- **EXERCISE INPUTS**
——
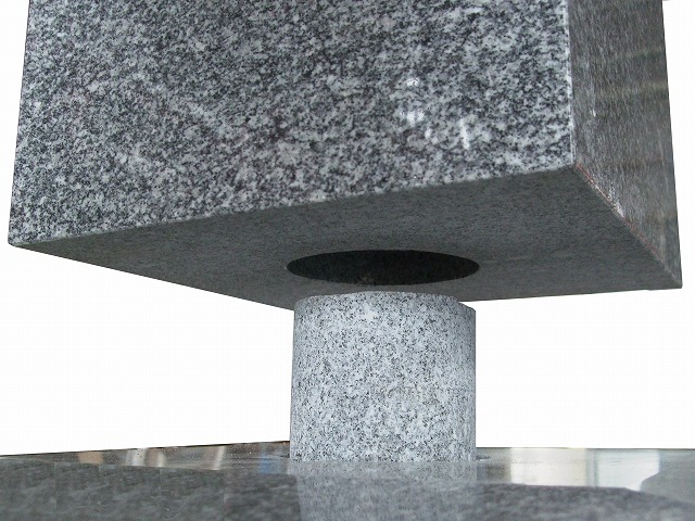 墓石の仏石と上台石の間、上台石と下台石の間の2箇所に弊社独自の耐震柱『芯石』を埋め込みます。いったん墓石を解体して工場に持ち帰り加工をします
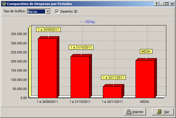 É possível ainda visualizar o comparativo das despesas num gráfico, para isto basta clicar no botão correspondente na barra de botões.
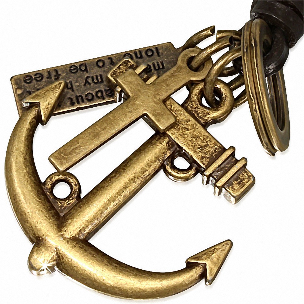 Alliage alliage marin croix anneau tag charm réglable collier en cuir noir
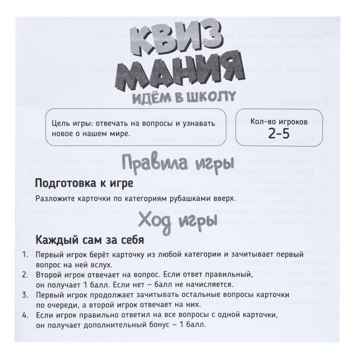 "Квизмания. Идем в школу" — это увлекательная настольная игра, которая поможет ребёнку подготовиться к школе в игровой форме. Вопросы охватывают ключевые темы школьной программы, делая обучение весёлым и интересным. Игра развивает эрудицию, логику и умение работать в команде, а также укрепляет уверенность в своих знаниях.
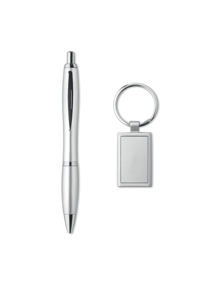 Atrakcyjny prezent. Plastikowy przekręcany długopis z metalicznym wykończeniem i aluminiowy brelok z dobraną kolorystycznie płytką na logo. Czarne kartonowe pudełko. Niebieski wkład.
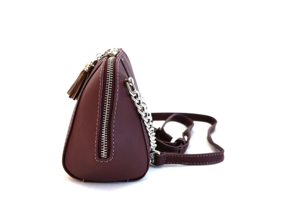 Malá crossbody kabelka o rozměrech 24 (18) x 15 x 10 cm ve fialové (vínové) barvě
——
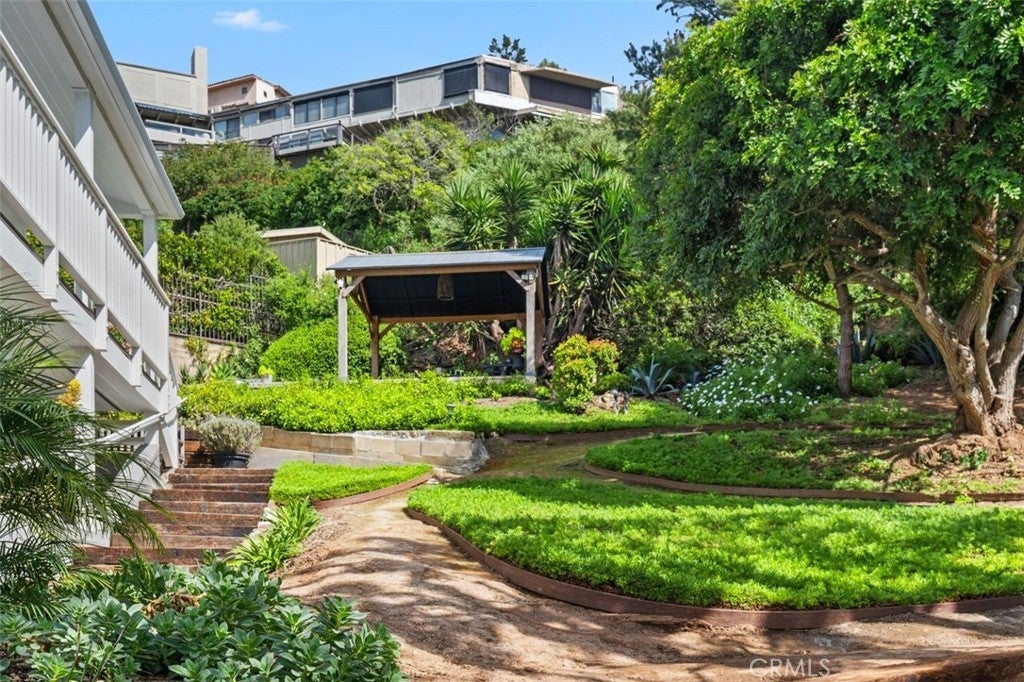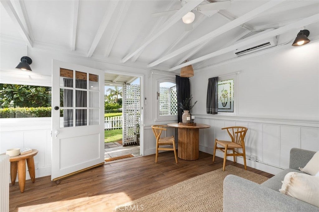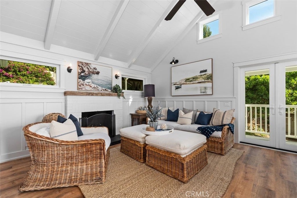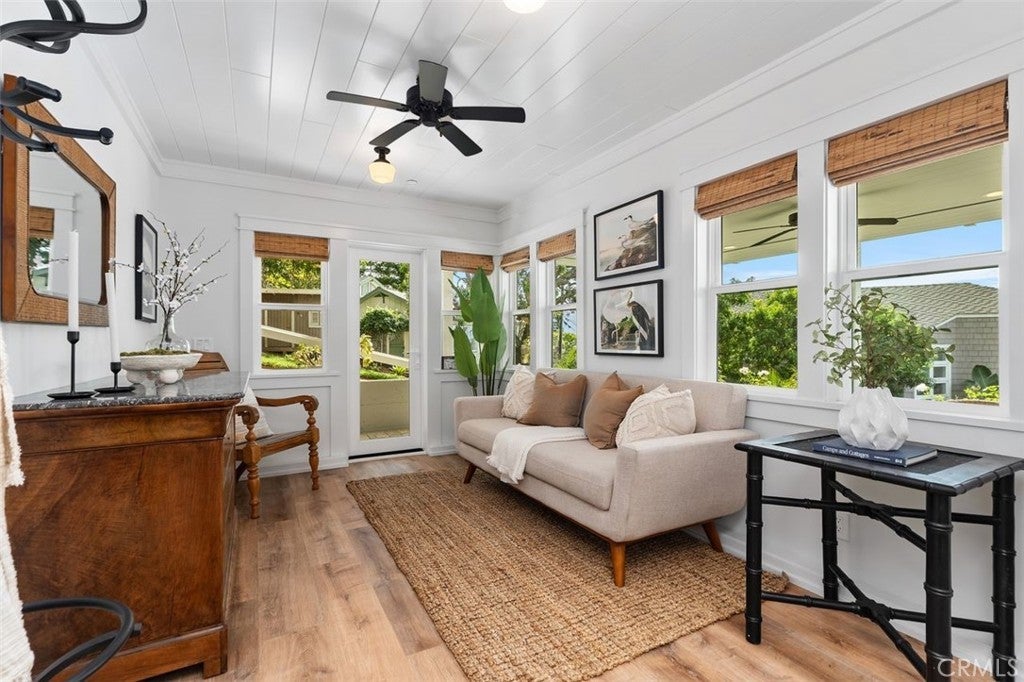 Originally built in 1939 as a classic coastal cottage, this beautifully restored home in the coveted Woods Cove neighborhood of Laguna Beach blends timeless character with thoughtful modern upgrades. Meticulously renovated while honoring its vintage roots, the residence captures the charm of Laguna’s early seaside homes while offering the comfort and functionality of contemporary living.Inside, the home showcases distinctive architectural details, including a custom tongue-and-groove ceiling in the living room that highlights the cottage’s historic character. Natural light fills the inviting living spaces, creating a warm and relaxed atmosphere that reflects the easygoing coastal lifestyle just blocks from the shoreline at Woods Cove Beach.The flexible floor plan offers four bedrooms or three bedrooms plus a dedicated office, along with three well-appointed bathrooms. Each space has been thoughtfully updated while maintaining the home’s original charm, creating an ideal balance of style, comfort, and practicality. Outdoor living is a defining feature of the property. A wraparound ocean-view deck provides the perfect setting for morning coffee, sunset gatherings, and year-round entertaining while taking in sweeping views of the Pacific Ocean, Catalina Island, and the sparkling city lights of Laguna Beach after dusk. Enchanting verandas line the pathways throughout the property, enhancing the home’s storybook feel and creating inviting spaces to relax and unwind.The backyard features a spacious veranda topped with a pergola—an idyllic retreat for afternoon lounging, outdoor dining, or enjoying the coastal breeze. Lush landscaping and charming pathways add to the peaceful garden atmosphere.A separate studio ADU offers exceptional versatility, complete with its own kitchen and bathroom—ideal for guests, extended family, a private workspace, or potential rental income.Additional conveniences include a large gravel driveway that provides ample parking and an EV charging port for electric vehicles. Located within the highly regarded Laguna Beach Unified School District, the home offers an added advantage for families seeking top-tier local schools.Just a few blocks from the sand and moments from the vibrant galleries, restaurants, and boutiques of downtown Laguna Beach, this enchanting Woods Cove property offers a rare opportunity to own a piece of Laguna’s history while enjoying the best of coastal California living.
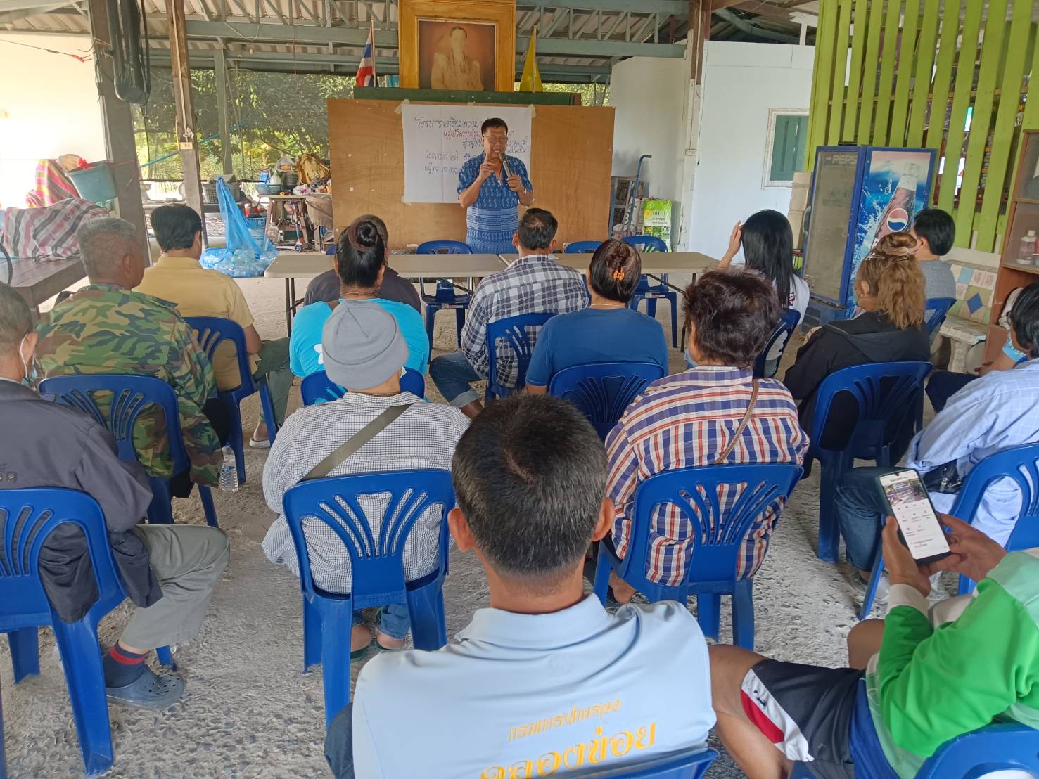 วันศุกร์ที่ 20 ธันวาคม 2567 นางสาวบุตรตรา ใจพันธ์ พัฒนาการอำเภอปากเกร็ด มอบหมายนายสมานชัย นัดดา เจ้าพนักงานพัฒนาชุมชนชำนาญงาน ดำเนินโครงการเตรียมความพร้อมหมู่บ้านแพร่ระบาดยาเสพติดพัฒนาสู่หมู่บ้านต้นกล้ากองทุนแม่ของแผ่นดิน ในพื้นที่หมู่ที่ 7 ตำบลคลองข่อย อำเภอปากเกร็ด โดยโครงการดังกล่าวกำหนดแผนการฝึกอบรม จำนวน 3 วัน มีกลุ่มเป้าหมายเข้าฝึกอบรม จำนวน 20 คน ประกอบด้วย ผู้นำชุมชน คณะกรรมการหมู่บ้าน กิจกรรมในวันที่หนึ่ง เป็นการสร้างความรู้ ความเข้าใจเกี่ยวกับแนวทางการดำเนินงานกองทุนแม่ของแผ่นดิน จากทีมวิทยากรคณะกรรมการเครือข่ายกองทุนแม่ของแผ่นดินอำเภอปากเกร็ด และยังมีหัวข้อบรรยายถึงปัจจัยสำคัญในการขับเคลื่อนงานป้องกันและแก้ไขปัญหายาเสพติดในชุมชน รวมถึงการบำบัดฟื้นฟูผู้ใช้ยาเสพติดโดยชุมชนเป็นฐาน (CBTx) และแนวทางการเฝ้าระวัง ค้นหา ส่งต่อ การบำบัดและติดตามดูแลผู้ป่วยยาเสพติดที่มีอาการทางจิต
——
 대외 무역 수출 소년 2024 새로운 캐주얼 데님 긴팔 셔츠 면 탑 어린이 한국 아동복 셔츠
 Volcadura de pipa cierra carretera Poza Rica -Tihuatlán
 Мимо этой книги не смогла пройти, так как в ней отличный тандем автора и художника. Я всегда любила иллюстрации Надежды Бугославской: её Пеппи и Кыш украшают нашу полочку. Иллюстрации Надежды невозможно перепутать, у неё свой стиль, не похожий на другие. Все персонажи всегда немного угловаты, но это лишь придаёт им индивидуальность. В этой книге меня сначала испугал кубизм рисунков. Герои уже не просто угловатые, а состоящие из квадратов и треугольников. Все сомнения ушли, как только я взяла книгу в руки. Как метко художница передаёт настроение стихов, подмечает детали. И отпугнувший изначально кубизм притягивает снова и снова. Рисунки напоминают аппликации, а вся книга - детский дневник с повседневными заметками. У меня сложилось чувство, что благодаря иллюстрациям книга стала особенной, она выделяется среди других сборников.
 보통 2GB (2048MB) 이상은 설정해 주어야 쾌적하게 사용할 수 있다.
——
- **INSTRUCTIONS FOR THE TASK**
For this exercise, reproduce exactly the lines of the records above from the one with "墓石の仏石と上台石の間、上台" up to and including the one with "Malá crossbody kabelka", without pictures.

- **RESPONSE TO THE TASK**
 墓石の仏石と上台石の間、上台石と下台石の間の2箇所に弊社独自の耐震柱『芯石』を埋め込みます。いったん墓石を解体して工場に持ち帰り加工をします
 É possível ainda visualizar o comparativo das despesas num gráfico, para isto basta clicar no botão correspondente na barra de botões.
 Alliage alliage marin croix anneau tag charm réglable collier en cuir noir
 "Квизмания. Идем в школу" — это увлекательная настольная игра, которая поможет ребёнку подготовиться к школе в игровой форме. Вопросы охватывают ключевые темы школьной программы, делая обучение весёлым и интересным. Игра развивает эрудицию, логику и умение работать в команде, а также укрепляет уверенность в своих знаниях.
 Atrakcyjny prezent. Plastikowy przekręcany długopis z metalicznym wykończeniem i aluminiowy brelok z dobraną kolorystycznie płytką na logo. Czarne kartonowe pudełko. Niebieski wkład.
 Malá crossbody kabelka o rozměrech 24 (18) x 15 x 10 cm ve fialové (vínové) barvě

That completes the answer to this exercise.